Entre tanta exuberancia vegetal, una mujer mayor, pequeña y regordeta tarareaba ensimismada mientras cavaba y abonaba, vestida con un delantal de jardín, altos guantes de jardinería, deportivas, vaqueros viejos y una sudadera cómoda. Al acercarse Enrique comprobó que lo que había tomado al principio por un pañuelo blanco anudado tras la cabeza era en realidad su pelo, espeso y largo, recogido en un pulcro rodete en la nuca. Damián soltó su mano y corrió hacia la mujer, que dejó de tararear al verle, poniéndose de pie con sorprendente agilidad y extendiendo los brazos para recibirle. El joven la abrazó por la cintura, inclinándose para ello, e izándola en el aire la dio varias vueltas mientras la estrechaba en un abrazo de oso y la mujer se reía con viveza.

–¡Mi niño! ¡Qué alegría, mi niño, que alegría más grande! ¿Has viajado bien? ¿Quién es ese chico?
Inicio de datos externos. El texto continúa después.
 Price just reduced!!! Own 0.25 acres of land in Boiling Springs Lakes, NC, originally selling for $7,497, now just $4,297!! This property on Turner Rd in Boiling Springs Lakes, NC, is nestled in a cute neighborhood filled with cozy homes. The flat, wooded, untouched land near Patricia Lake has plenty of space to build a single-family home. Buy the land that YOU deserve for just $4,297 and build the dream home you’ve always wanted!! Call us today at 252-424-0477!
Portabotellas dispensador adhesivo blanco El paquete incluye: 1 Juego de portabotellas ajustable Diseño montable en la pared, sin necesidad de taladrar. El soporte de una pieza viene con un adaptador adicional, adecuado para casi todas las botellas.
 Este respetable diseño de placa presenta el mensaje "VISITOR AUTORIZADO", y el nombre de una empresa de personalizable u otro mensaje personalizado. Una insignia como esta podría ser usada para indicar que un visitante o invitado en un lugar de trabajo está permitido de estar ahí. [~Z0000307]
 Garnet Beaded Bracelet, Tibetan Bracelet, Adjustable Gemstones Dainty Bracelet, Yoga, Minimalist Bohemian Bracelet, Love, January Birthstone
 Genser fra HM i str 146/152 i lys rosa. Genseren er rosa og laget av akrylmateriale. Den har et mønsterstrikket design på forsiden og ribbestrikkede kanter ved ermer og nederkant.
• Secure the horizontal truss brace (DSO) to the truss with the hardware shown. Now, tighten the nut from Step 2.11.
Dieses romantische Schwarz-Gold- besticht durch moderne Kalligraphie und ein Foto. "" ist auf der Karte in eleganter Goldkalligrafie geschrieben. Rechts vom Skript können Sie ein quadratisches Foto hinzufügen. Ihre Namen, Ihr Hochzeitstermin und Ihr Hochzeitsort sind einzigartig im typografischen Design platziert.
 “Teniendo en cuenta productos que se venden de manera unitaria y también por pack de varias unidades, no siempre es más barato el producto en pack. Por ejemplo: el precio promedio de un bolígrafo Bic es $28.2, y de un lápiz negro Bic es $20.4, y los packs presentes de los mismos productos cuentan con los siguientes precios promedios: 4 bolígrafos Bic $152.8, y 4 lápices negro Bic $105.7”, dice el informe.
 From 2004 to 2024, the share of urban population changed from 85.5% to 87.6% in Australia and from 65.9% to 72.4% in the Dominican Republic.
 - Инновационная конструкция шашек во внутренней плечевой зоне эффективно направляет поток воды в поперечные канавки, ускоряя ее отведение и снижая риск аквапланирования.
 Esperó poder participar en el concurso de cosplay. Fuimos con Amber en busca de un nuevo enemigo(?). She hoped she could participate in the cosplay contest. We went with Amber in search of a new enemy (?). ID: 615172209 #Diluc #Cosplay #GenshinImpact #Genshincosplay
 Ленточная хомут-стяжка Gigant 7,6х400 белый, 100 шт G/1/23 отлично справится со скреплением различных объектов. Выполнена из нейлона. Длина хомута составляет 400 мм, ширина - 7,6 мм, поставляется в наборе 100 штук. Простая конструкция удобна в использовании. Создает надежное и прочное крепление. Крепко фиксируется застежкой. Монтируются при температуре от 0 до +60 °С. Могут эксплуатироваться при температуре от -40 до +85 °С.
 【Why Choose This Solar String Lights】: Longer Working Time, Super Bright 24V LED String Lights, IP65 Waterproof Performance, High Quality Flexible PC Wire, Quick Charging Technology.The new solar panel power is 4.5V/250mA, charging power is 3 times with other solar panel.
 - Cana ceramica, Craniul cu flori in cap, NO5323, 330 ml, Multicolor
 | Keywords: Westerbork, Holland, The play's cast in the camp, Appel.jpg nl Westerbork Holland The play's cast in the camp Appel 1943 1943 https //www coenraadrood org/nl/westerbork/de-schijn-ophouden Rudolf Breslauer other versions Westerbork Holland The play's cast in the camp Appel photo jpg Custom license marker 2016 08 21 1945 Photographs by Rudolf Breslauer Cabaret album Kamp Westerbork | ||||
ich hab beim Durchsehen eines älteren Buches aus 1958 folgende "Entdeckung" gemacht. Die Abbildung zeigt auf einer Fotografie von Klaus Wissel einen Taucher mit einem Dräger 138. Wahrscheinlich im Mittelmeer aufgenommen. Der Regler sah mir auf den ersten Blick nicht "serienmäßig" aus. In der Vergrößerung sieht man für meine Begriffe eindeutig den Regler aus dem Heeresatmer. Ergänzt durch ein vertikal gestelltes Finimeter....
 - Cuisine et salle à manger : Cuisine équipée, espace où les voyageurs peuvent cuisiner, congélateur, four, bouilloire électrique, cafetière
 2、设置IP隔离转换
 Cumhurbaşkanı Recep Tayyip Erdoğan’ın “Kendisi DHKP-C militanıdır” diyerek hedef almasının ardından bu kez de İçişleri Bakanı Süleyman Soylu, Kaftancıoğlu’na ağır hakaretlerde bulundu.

Parlanchina como siempre, su abuela ni siquiera le dejó responder antes de volver a preguntarle. Viendo la ancha sonrisa de Damián, idéntica a la de su abuela hasta en los hoyuelos, Enrique no pudo por menos que corresponder con otra semejante. La mujer tenía un aire bondadoso que, sumado al marco campestre, la confería el mismo aire que a las hadas madrinas que viese en las ilustraciones de los cuentos. Sus ojos diferían de los del chico, pues presentaban un tono castaño intenso, vivaces e inteligentes. Se retiró los guantes manchados de barro y se acercó al joven, con el brazo de Damián sobre los hombros.

–Enrique, esta es mi abuela Isabel –presentó el chico. La mujer se adelantó y besó sus mejillas con familiaridad antes de que siguiese–. Abuela, Enrique es mi novio.

–Encantada de conocerte. ¡Menudo chico más guapo! ¡Y qué ojazos! ¿Compañero tuyo de la universidad? Seguro que entonces también es inteligente.

Las mejillas del chico se encendieron ante semejante despliegue de halagos. La devolvió los besos con timidez y cambió el peso de un pie a otro mientras la mujer les precedía a la vivienda. El interior de la casa, luminoso y limpio, olía maravillosamente a galletas, bizcocho y cacao caliente. Los suelos oscuros relucían recién encerados y las paredes blancas se encontraban cubiertas de cuadros y fotos enmarcadas. Con pasitos enérgicos la abuela de Damián los llevó directamente hasta la cocina, parloteando sin parar sobre lo delgados que estaban, que se veían cansados, lo buena pareja que hacían… Enrique miró con sorpresa a la mujer, que derrochaba energía moviéndose de aquí a allá, tan atareada como una abeja obrera. En un minuto dispuso en la mesa chocolate, galletas y bizcocho e instó a los chicos a sentarse tras lavarse las manos.

–Id comiendo, yo tengo que terminar en el jardín delantero, que después tengo que ducharme e ir a comprar. Luego le enseñas la casa y el jardín de atrás ¿de acuerdo? Y te he dejado sábanas y una toalla, sácale otra. Mejor no, ya se la saco yo cuando termine en el jardín que he cambiado de sitio las cosas en esta limpieza.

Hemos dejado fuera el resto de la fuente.